MarineAware
All case studies Marine insurance

Predictive dark-fleet screening for a marine mutual

A top-10 P&I club (anonymized)

Illustrative case study. Client identity is anonymized and figures represent the class of outcome MarineAware targets, not a specific contracted result.

3–6 wks
earlier risk detection vs list-based screening
~80%
of flagged vessels had prior AIS-gap signatures
100%
audit-ready lineage on every score

Challenge

The club faced growing exposure to the sanctioned shadow fleet — vessels that disable AIS, spoof positions and hide behind shell ownership. Screening was reactive: a vessel was flagged only after it appeared on a designation list, by which point cover was already in force.

Approach

We built a behavioural risk score from AIS gap analysis, spoofing signatures, ship-to-ship transfer detection and flag-hopping, then resolved identity across MMSI, IMO number and beneficial owner using Equasis, S&P and Clarksons registries. Ownership-network graph analysis surfaced shell structures, and every score shipped with its data lineage so underwriters and regulators could defend it.

Outcome

Underwriters now receive an explainable risk score at the point of quote, with portfolio-level aggregation of exposure to designated and high-risk tonnage. Screening shifted from reactive to predictive without adding headcount.

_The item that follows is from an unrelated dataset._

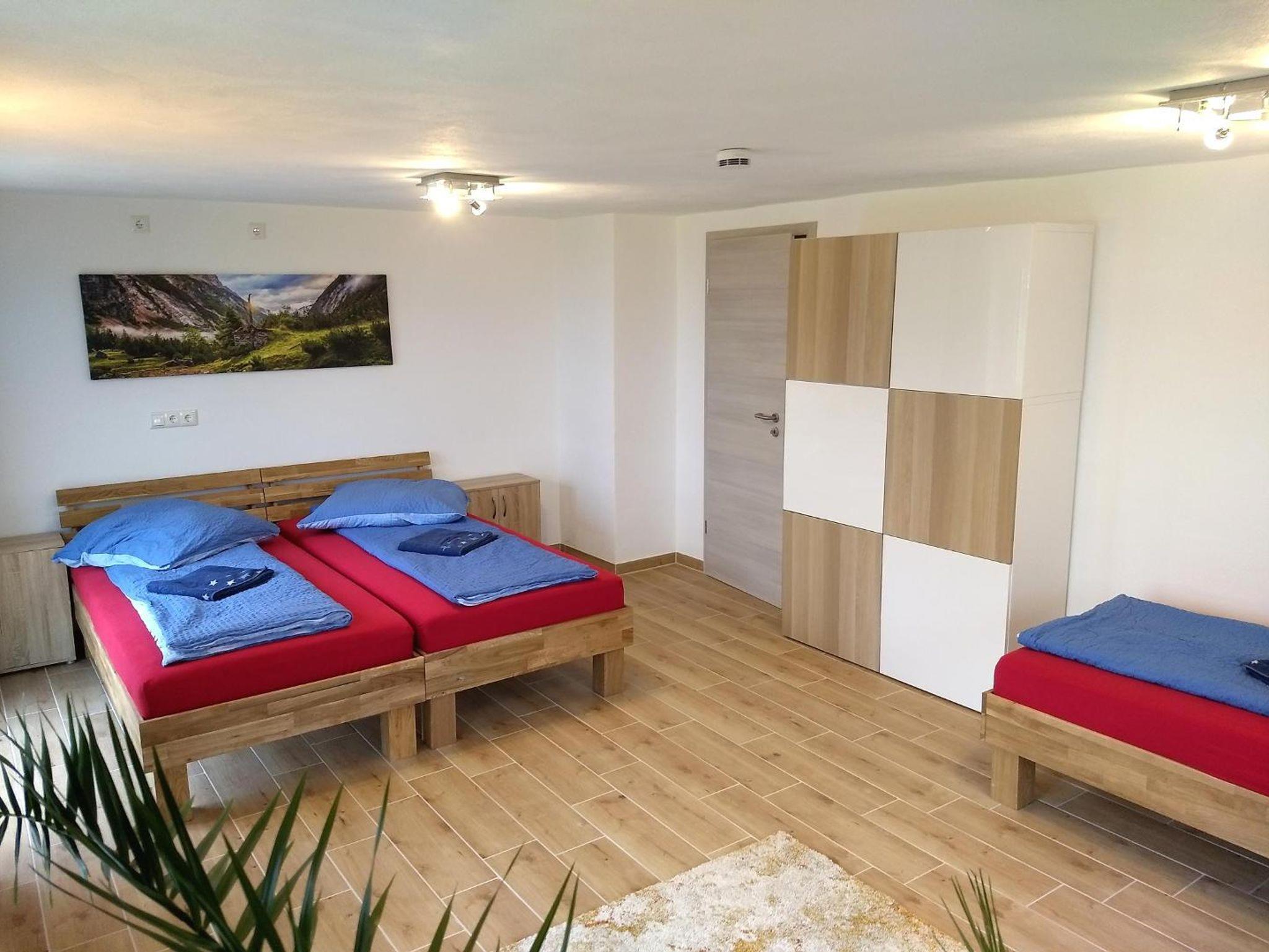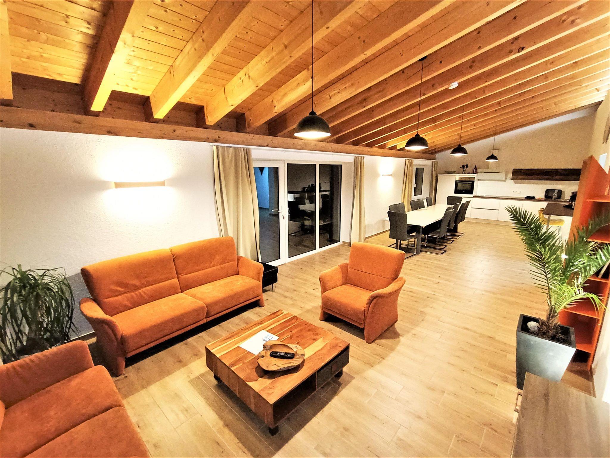 Riesiger Wohn/Essbereich für´s Beisammensein der Großfamilien, fünf separate Schlafzimmer (für 13 Erwachsene + 3 Babybetten), Infrarotsauna für 4 Personen, 2 Bäder, 2 separate WC-Räume, Fußbodenheizung, 55 Zoll Smart TV, eine Kinderspielecke, große Südterrasse zur Alleinnutzung, eigene Auffahrt, separater Eingang, eigener Hang, separater Stellplatz uvm. lassen keine Wünsche offen.

AIS gap & spoofing analysisIdentity resolution (Equasis / S&P / Clarksons)Ownership-network graphsExplainable scoring with data lineage

This engagement is representative of MarineAware’s sanctions and dark-fleet work. Figures are illustrative of the class of outcome we target and are anonymized to protect client confidentiality.

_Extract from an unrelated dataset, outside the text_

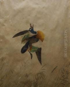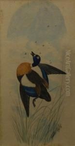 Kookaburras Feeding at a Nest in a Tree, 1892

Why behaviour beats blocklists

A sanctioned-vessel list tells you about yesterday’s risk. The shadow fleet’s whole purpose is to stay off those lists for as long as possible — new shells, fresh MMSIs, re-flagging, and carefully timed AIS gaps. Screening that only checks a name against a list is structurally late.

The behavioural approach asks a different question: does this vessel act like one that is hiding something? AIS gaps normalized against expected satellite coverage, impossible kinematics that betray location spoofing, loitering in known transfer zones, and rendezvous with other high-risk tonnage are all signals that precede a designation, not follow it.

Identity is the hard part

An MMSI is mutable and spoofable; an IMO number is stable but not always broadcast honestly. Resolving the real vessel — and the real owner behind it — means record linkage across registries and graph analysis over ownership, management and co-occurrence. That network view is what turns “this ship looks risky” into “this ship sits inside a structure we have seen before.”